I like picking comp titles
When you pitch people your work, it’s helpful to name some comp titles, to convey tone and to get them excited. Brooklyn Nine-Nine is Parks and Rec with cops. Archer is James Bond meets Arrested Development. Comp titles are also a nice way to set expectations you can never meet.
Some advice: Avoid top-ten, absolutely-everyone-has-seen-it comparisons. Don’t use The Office or Harry Potter or Star Wars unless you have a less obvious comp to add. There are a ton of scifi comedy audio dramas, and they all get compared to Hitchhiker’s Guide to the Galaxy, the most wildly successful and influential audio drama of the last fifty years. LOL you’re gonna roll your eyes at my own comps below.
For more advice, listen to this 18-minute episode of Writing Excuses. Screenwriter Terry Rossio also warns against naming two extremely different titles unless that’s the point.
I like to comp my show Roommate From Hell to:
Broad City: Both are about two young women with a Perfect Strangers dichotomy—but who are usually on the same team. (When your main characters fanatically love each other, they can get away with being horrible to everyone else.) Both shows are very silly and cartoonish. But Broad City doesn’t have a fantasy element, so I have to add another comp.
Rick & Morty: Foul-mouthed, sharp, creative cartoon that can get emotionally heavy in that specific Dan Harmon way. If you’ve seen Rick & Morty then you get it. But it’s also the favorite show of guys who quote too much Monty Python, and if you haven’t seen the show, you’re thinking of those guys instead, so my comp is ruined.
The Good Place: This show came out a year or two into Roommate’s development, but its themes and premise came close enough to ours that it ended up being an anti-influence: once they “did” certain ideas, like an evil entity learning human morality, we couldn’t do the same without feeling like copycats. But I think Good Place fans would like our show.
What We Do in the Shadows: Now here we’re getting nice and specific. It’s less likely that you’ve seen this movie and show, but it’s a much closer parallel. Both are about mythical creatures turned mundane and mockable. Both are pretty wacky. Both are “horror comedy” with no actual horror.
Some other comps: Buffy is “horror tropes done quippy and modern, with a monster of the week.” Most season 1 episodes are basically Abbott and Costello Meet the Monsters. And you could call us “Portlandia with monsters” because we parody “young person in a city” life as much as we parody horror.

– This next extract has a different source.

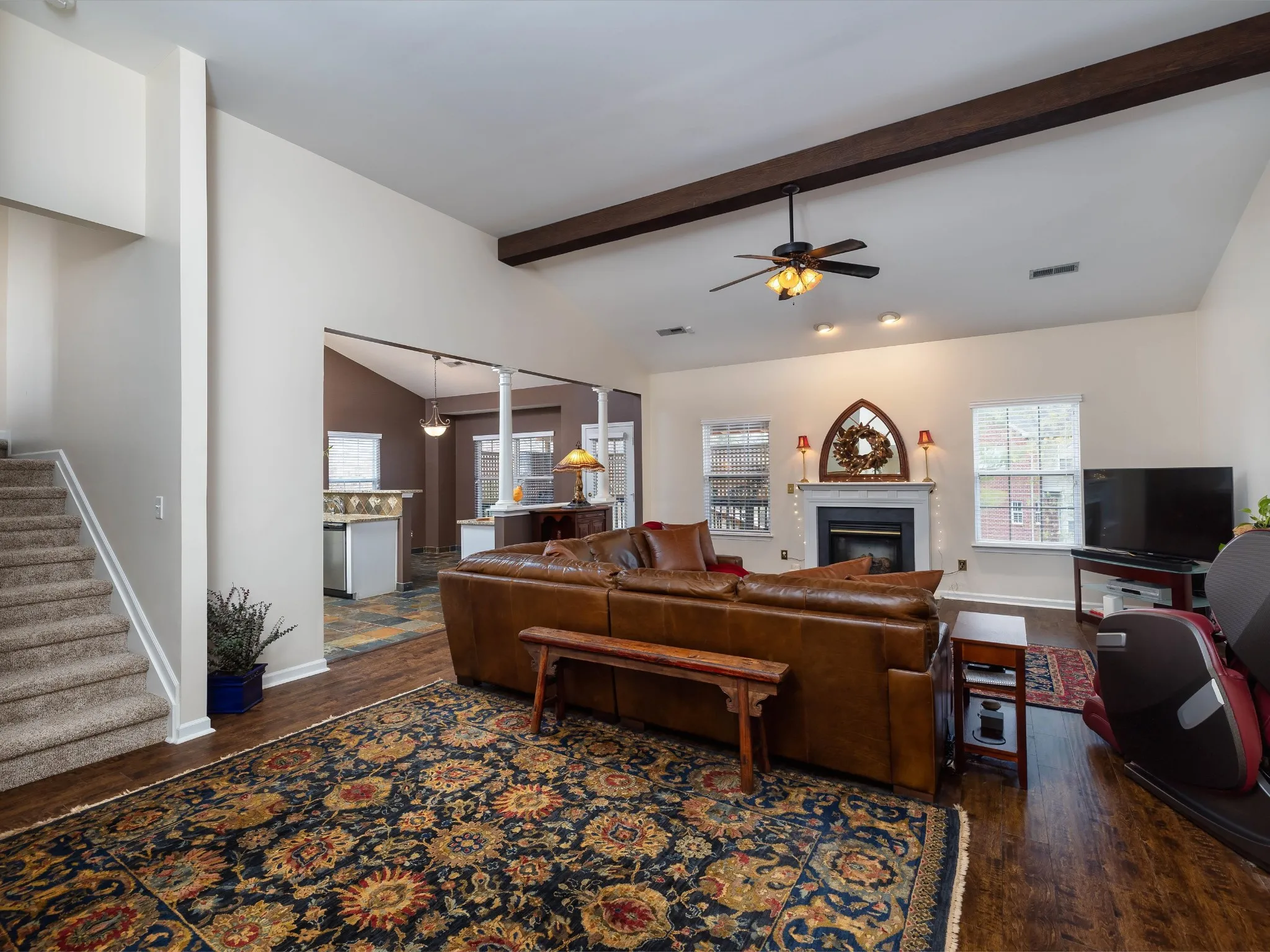 Step into this meticulously maintained 3-bedroom home nestled between Nolensville and Brentwood. Convenience rules with close proximity to highways, shopping and top dining options. On the main floor, discover the heart of the home with the large living room with beamed vaulted ceilings, and the expansive kitchen that seamlessly flows to the outdoor covered porch where you can enjoy the large newly fenced level corner lot. . This home offers one level living with a main level primary suite as well as an oversized second floor bonus room… the perfect floorpan!
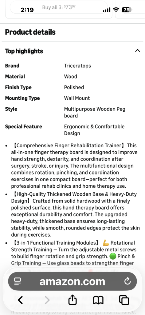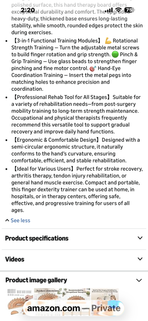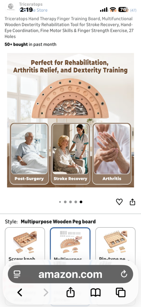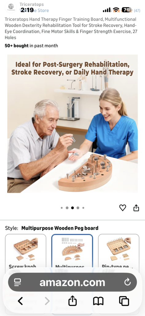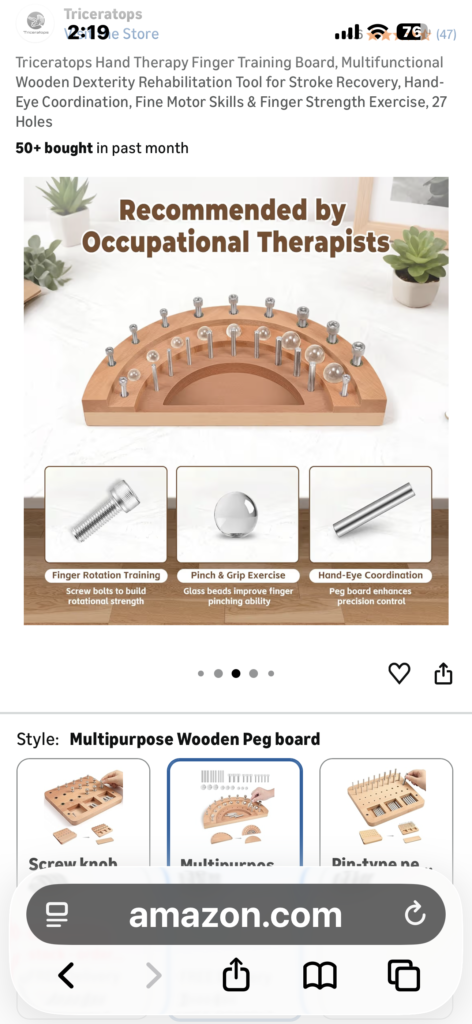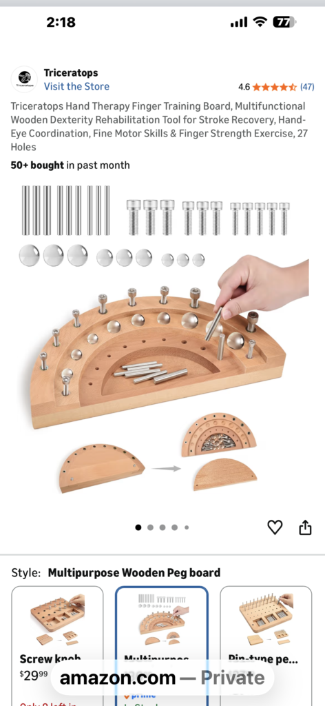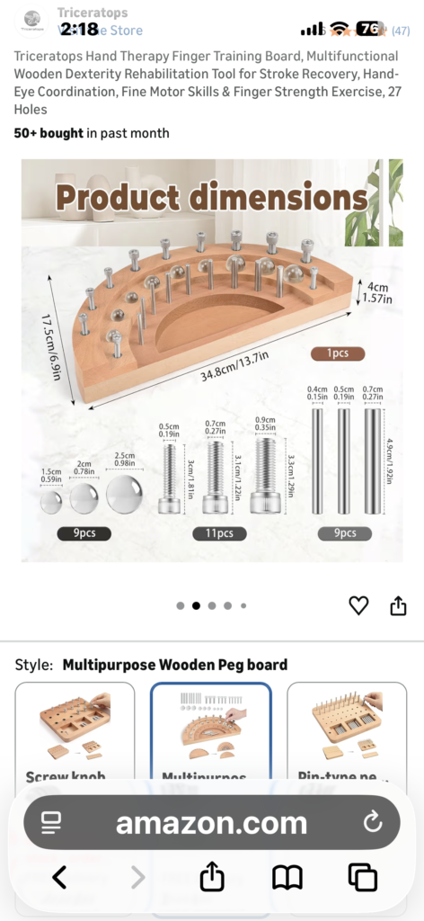 This is an awesome tool to use for a variety of reasons. I really like this tool for daily hand exercises, and trying to improve my fine motor skills. There are different size gadgets/pieces that you use for development of different kinds of things, such as eye-hand coordination and stroke rehabilitation.

Now, some new audio drama recs, with my comp titles:
The Offensive is The Thick of It or Veep but with the managers of a fictitious UK football club.
Victoriocity is like if Terry Pratchett did full-on steampunk.
The Cryptonaturalist is a bestiary like the original Fantastic Beasts and Where to Find Them, or the “find it under the coffee table at the bed and breakfast” classic Gnomes, or Borges’s Book of Imaginary Beings. It also resembles the Writer’s Almanac. And it’s a natural pickup for fans of Welcome to Night Vale.
The Shadows is like the Joe Swanberg movies Drinking Buddies and Hannah Takes the Stairs, with a little bit of Being John Malkovich puppetry motif, and some Michel Gondry whimsy.